И теперь, когда Даниэль за ним наблюдал, то ему становилось ужасно от того, что Кристиана не убережёшь лишь от единственного – от него самого. На месте его лица было раздробленное, алое и скулящее поражённой тканью месиво. Каждая кость и сустав перемолоты. Но он без единой царапины и даже маленькой ссадины. Он совершенно невредим – по крайней мере, внешне. То, что было внутри у него, сочилось невидимой болезнью из кожи, из взгляда, дыхания и жеста. И он начал кровоточить словами:
– Даниэль, зачем ты так? Лучше бы всё закончилось. Так нельзя. Они бы вывели меня из тёмной комнаты, развязали, и убили бы меня. Просто убили бы. И всё. Ты зря меня вновь вытащил из передряги.
Они погрузились в молчание.
Даниэль глухо и отрывисто произнёс:
– Идём воды наберём? Холодненькой.
Сидя на краю стремительно набиравшейся ванны, Кристиан запрокинул голову назад, закрыв веки. С блуждающей улыбкой он повествовал:
– Я видел её вчера. Она была так грустна в тот момент, когда мы встретились. Отверженный, оскорблённый мой ангел. Если бы я узнал, кто посмел ей сделать больно, то я отомстил бы за неё. У неё во взоре зажигаются огни, как в глубинах её перстня. Пугающие огни, чарующие! Если она пришла из ада, то я хочу попасть туда.
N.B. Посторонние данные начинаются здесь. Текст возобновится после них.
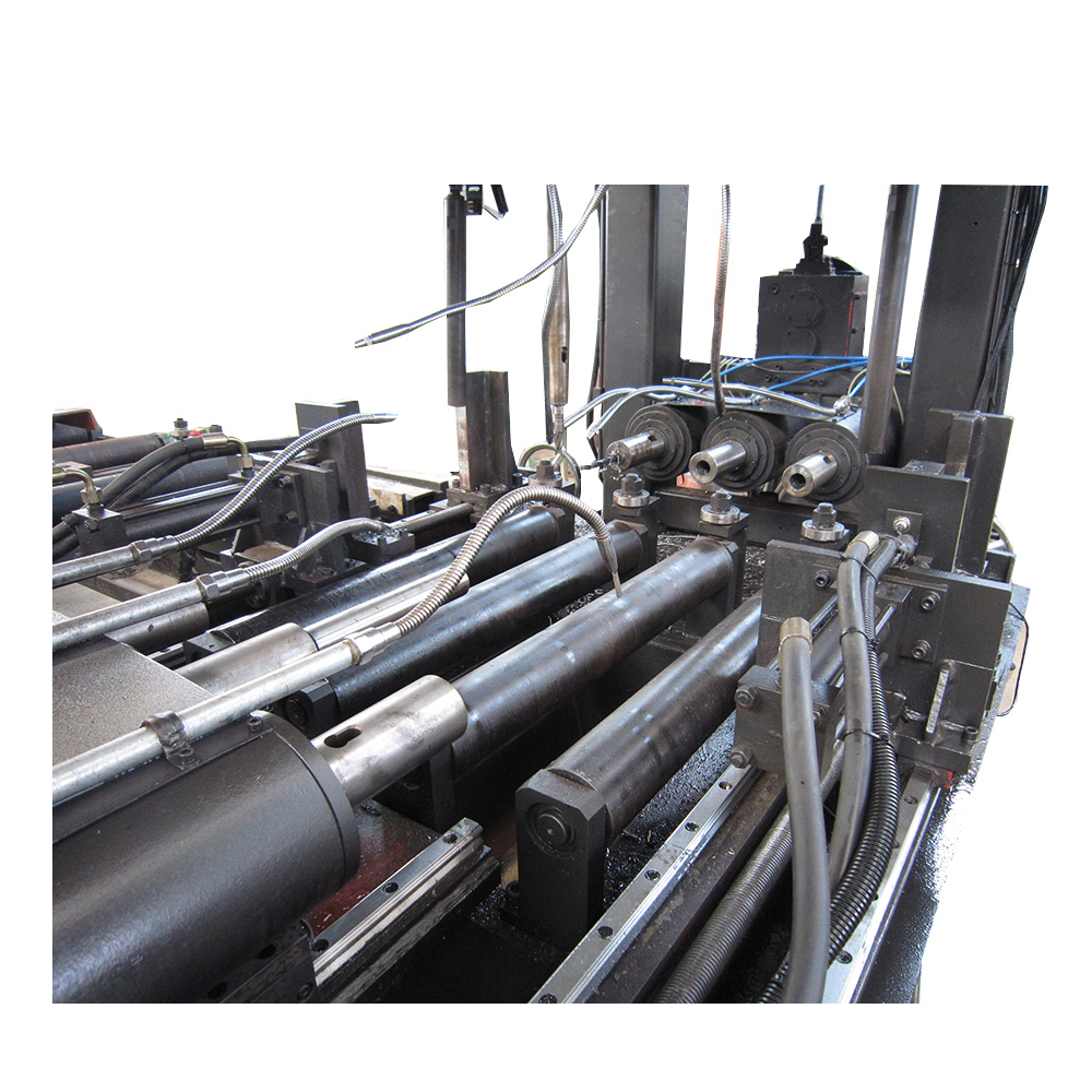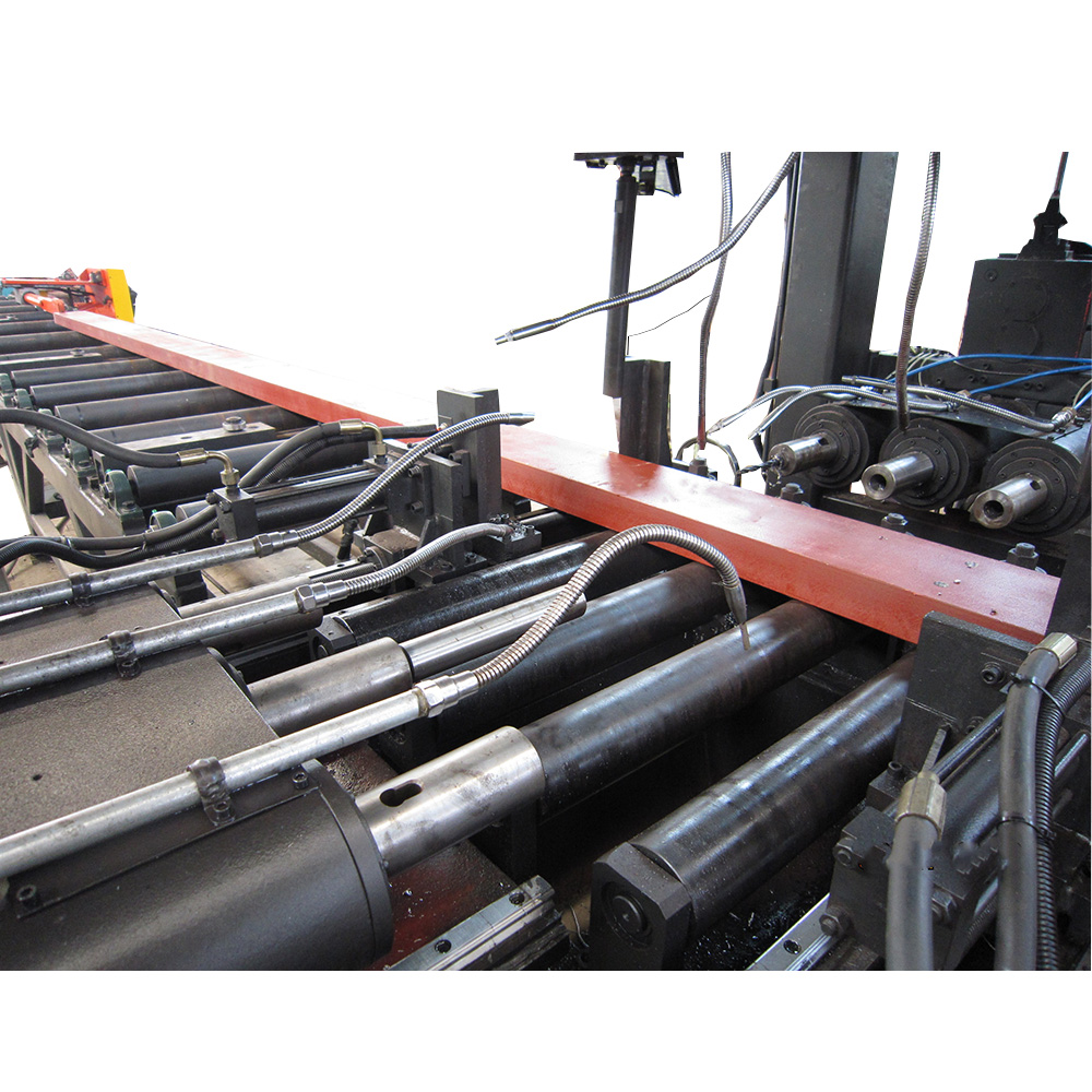 本機(jī)床主要用于H型鋼、槽鋼和箱型梁的鉆孔加工,廣泛用于立體車庫(kù)、鋼結(jié)構(gòu)建筑、橋梁、塔桅和網(wǎng)架等行業(yè)。4軸數(shù)控型鋼三維鉆床采用四個(gè)伺服電機(jī)實(shí)現(xiàn)2個(gè)垂直方向、1個(gè)水平方向和1個(gè)長(zhǎng)度的鉆孔定位。3個(gè)鉆孔面上,每個(gè)面有3個(gè)鉆孔主軸,每個(gè)面上的3個(gè)鉆孔主軸由一臺(tái)變頻電機(jī)驅(qū)動(dòng),鉆孔主軸為自控行程鉆孔主軸,工件一次通過設(shè)備后三個(gè)面上的孔均可加工完畢,效率高,孔位精度高,是鋼結(jié)構(gòu)制造業(yè)中保證質(zhì)量的必不可少的設(shè)備。
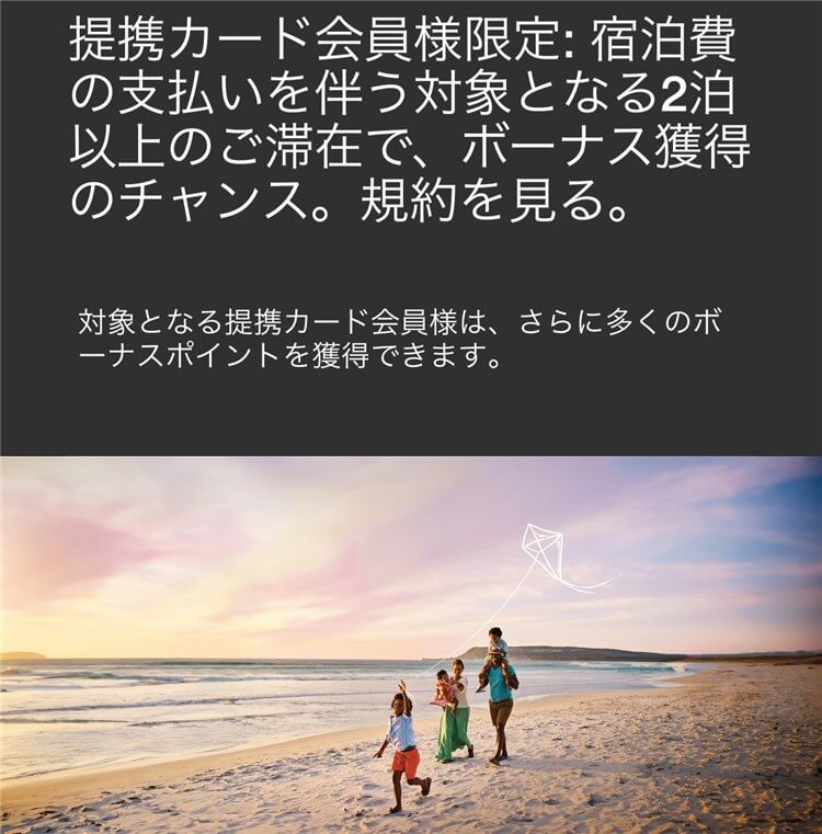 Marriott Bonvoy®アカウントのご登録が必要です。2025年10月14日から2025年12月27日の期間中に本プロモーションにご登録いただいたMarriott Bonvoy会員のお客様は、Marriott Bonvoy参加プロパティ/デスティネーションでの、登録後の宿泊費の支払いを伴う、対象となるご滞在ごとに2,025Marriott Bonvoyボーナスポイントを獲得できます。獲得対象となるのは、74日間のプロモーション獲得期間中、最大3回までです。本プロモーションの対象外となるMarriott Bonvoyの特定ブランドについては、以下をご覧ください。2025年10月14日から2025年12月27日までに本プロモーションにご登録いただいたMarriott Bonvoy会員のお客様は、74日間のプロモーション獲得期間中、Marriott Bonvoy Outdoorsでの、登録後の宿泊費の支払いを伴う、対象となるご滞在ごとに2,000Marriott Bonvoyボーナスポイントを追加で獲得できます。本プロモーションに登録するには、www.marriottbonvoy.com/ja/celebrate2025ページをご確認いただくか、Marriott Bonvoyアカウントにログインして、[プロモーション] タブをご覧ください。本プロモーションは、2025年10月28日から2026年1月10日の間に完了した宿泊費の支払いを伴うご滞在が対象となり、ポイント獲得対象料金 (「対象レート」) で予約されたご滞在にのみ適用されます。Marriott Bonvoy参加プロパティでのアワード交換によるご滞在は対象外です。会員のお客様は、本プロモーションの獲得期間中、宿泊費の支払いを伴う、対象となるご滞在最大3回まで、2,025ボーナスポイントを獲得できます。本プロモーションのボーナスポイント獲得の対象となるのは、プロモーション登録完了後、プロモーション獲得期間中に完了した宿泊費の支払いを伴う、対象となるご滞在に限ります。本プロモーションの規約により、ご滞在がプロモーションの対象となるには、ご滞在の時点で当該プロパティがMarriott Bonvoyに参加していることが必要であることにご留意ください。「滞在」とは、対象レートでの宿泊で、チェックイン/チェックアウトの回数にかかわらず、同一のプロパティでの連続した宿泊を指します。キャッシュ+ポイント、無料宿泊特典、ポイント交換を含む、アワード交換による滞在は、本プロモーションの対象外です。大多数の第三者オンライン販売業者および一部の旅行代理店によって提供される宿泊料金 (「非対象レート」) は、本プロモーションの対象外です。ブルガリ、ザ・リッツ・カールトン ヨットコレクション、マリオット・エグゼクティブ・アパートメントでのご滞在、およびマリオット・バケーション・クラブ、グランド・レジデンス・バイ・マリオット、マリオット・グランド・レジデンス・クラブ、シェラトン バケーションクラブ、ウェスティン バケーションクラブ、ザ・リッツ・カールトン・クラブ、セントレジス レジデンスクラブ、ラグジュアリーコレクション レジデンスクラブでのオーナーの方によるご滞在の週は、本プロモーションの対象外です。宿泊費の支払いを伴う対象となる各滞在で、1プロパティにつき1室のみが、本プロモーションによる会員の宿泊費の支払いを伴う対象となる滞在として計上されます。通常、ご滞在はチェックアウト後10営業日以内に会員のアカウントに反映されます。Marriott Bonvoy参加プロパティでの宿泊費の支払いを伴う、対象となるご滞在ごとに付与される2,025ボーナスポイントは、完了した滞在がアカウントに反映された後、通常5営業日以内に会員のアカウントに付与されます。対象となるホーム&ヴィラ・バイ・マリオット ボンヴォイでのご滞在では、ご滞在ごとに2,025ボーナスポイントに加えて2,000ボーナスポイントが加算され、ご滞在ごとに合計4,025ポイントを獲得できます。ホーム&ヴィラ・バイ・マリオット ボンヴォイでの宿泊費の支払いを伴うご滞在に対するボーナスポイントは、本プロモーションの獲得期間終了後、6週間以内に付与されます。Marriott Bonvoy Outdoorsデスティネーションでの宿泊費の支払いを伴う、対象となるご滞在ごとに付与される追加の2,000ボーナスポイントも、プロモーション獲得期間終了後6週間以内に会員アカウントに付与されます。マイルの獲得を選択している会員の方は、このプロモーションの対象外となります。マリオット・インターナショナルおよびその子会社の従業員、ならびにマリオットがフランチャイズ契約、所有、賃貸、または管理する場所に勤務するその他すべてのアソシエートは、本プロモーションに参加し、宿泊費の支払いを伴う対象となる滞在に対し、ボーナスポイントを獲得する資格を有します。マリオットは、取引に関連して不正行為があったと疑われる場合、独自の裁量により、本プロモーションに関連する取引を防止、取消、調整、またはその他の方法で履行を拒否する権利を留保します。現在Marriott Bonvoyに参加しているプロパティの一覧については、Marriott Bonvoyをご覧ください。Marriott Bonvoy利用規約のすべての規定が適用されます。詳細につ
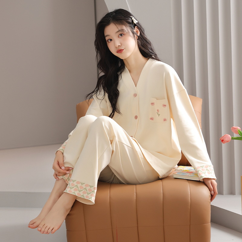 新しいパジャマ女性のための春と秋の純粋な綿長袖ズボン綿韓国漫画少女秋と冬のホームウェアセット
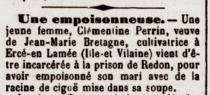 « Mon fils Jean-Marie allait souvent au village de Pussac en Tresboeuf chez Jean-Marie Gaigeard, frère de mon second époux. Il connut ainsi la famille Perrin qui habitait le même village » (Julienne Brard) Cherchant l’âme sœur mais « peu hardi et causant peu », Jean-Marie considère avec intérêt le conseil du fils Perrin : l’une des sœurs serait peut-être … Lire la suite de 2- L’empoisonneuse d’Ércé-en-Lamée. La rencontre, les accordailles
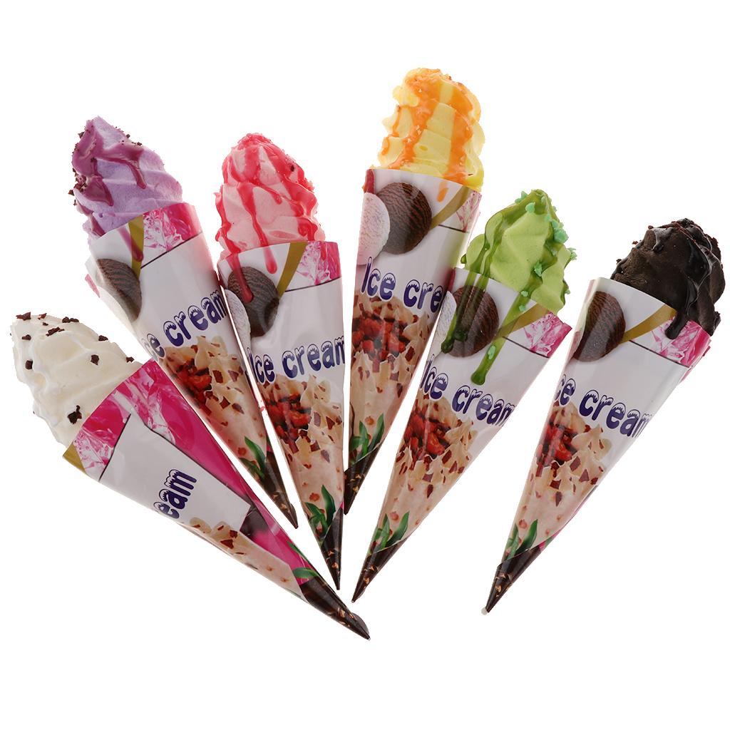 6Pcs Artificial Ice Cream Cone Simulation Realistic Food Dessert
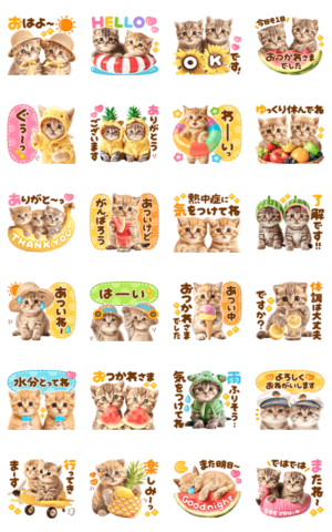 夏にかわいい♡ねこちゃんが画面いっぱいに飛び出して動くポップアップスタンプです。挨拶から気遣いの言葉まで色々揃った便利なセット!猫ちゃんが夏を可愛く彩ります♪
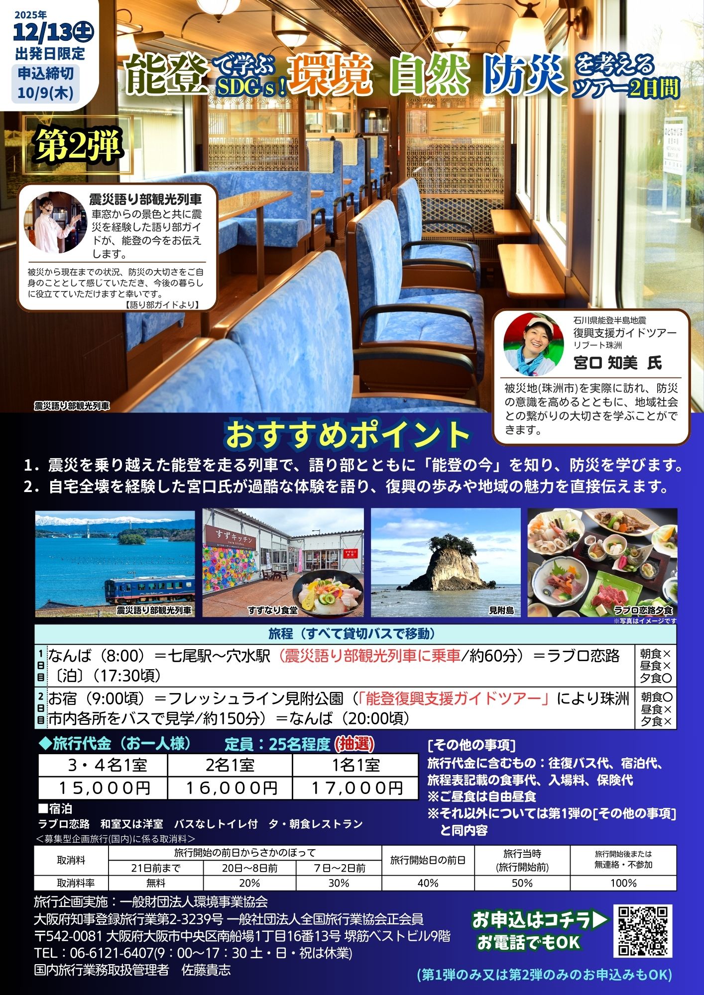 【第2弾】2025年12月13日㊏~14日㊐(1泊2日)場所 【第1弾】石川県七尾市・能登島町・能登町・輪島市
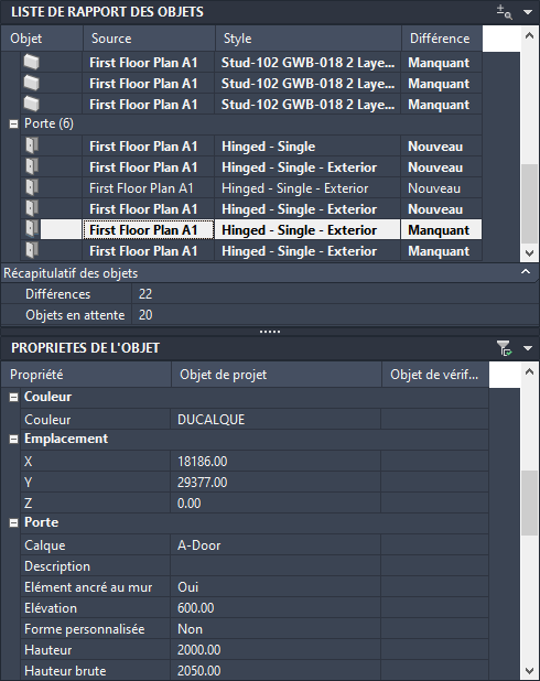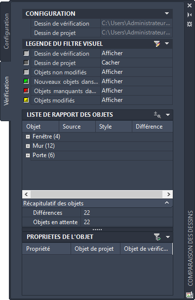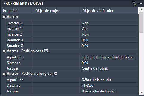Si l'objet est manquant, les données ne sont répertoriées que dans la colonne Objet de projet. S'il s'agit d'un nouvel objet, les données ne sont répertoriées que dans la colonne Objet de vérification. Les propriétés du dessin de projet et celles du dessin de vérification s'affichent pour les objets modifiés.

– Какие у тебя амбиции! – сделал попытку улыбнуться Даниэль. Кристиан лишь на него задурманено и бессмысленно взглянул и с чёрным, чудовищным трепетом прошептал:
– У неё ледяной поцелуй… Никогда не забуду её прикосновения. Я прикладывал к губам снег, но это абсолютно другое. Преисподняя на самом дне тоже ледяная. Я хочу туда. Пусти меня.
– Встань, – повелел ему Дани. Он закрутил вентиль. Глубокая ванна была полна до края. Спаситель, встав совершенно близко к Кристиану, произнёс:
– Раз так, то я желаю доброго пути…
То, что произошло в последующее мгновение с Кристианом, было так непредсказуемо и необузданно, что художник тут же покинул свою колыбель комы. Он инстинктивно и яро вырывался, сопротивлялся, когда Даниэль, силой окунул его в воду, крепко держа за волосы обеими руками. Де Снор кричал под водой. Он захлёбывался. А Даниэль неуклонно не позволял ему подняться. На секунду он смог глотнуть воздуха, но удушье продолжалось и вновь. Кристиану казалось, что вот ещё совершенно немного, вот ещё чуть-чуть и он задохнётся. Он не хочет этого. Он не хочет смерти.
– Перестань! Хватит! – срывал он голос, когда ему удавалось подняться. И ещё раз он задыхался. И ещё раз он не хотел смерти. Он не хотел её никогда.
Даниэль отпустил его. Де Снор хрипло кашлял, бессильно сползая на пол. Даниэль воскликнул:
– Почему я должен перестать?! Страшно?
Он кинул ему в ноги полотенце и стремительно вышел из ванной комнаты.
Кристиан осмотрелся. Какое всё белое! Кафель и даже полотенце, которое он держал в онемевших пальцах. Белое, прояснённое. Как чистый лист его мыслей, откуда холодная вода смыла черноту. Нельзя было со стороны определить, плачет ли он. Он сам не знал этого, сам не чувствовал. Единственно он ощущал, как будто его изгнали из тесного жилища, где понуро, где правит хаос, в котором он кружился, бросаясь на стены. И вот – заточение пропало. Он находится в пустом, гладком, прохладном пространстве, где окружающее – странно новое. И на лоне этого Нового можно построить себе пристанище. А для этого нужно отпустить её из мыслей.
Но она была с ним с того самого мгновения, как он влюбился в ночь. Он был очарован ей ещё до того, как увидел во сне. Она поцеловала его ещё до того, как это произошло наяву. Это случилось десятилетие назад, когда он отыскал на полке «Цветы зла», и губы его прошептали: «Я – сумрачный король страны всегда дождливой…» Она его короновала. Она благословила его на странствия в глубины грёз, в лабиринты провидческой бессонницы.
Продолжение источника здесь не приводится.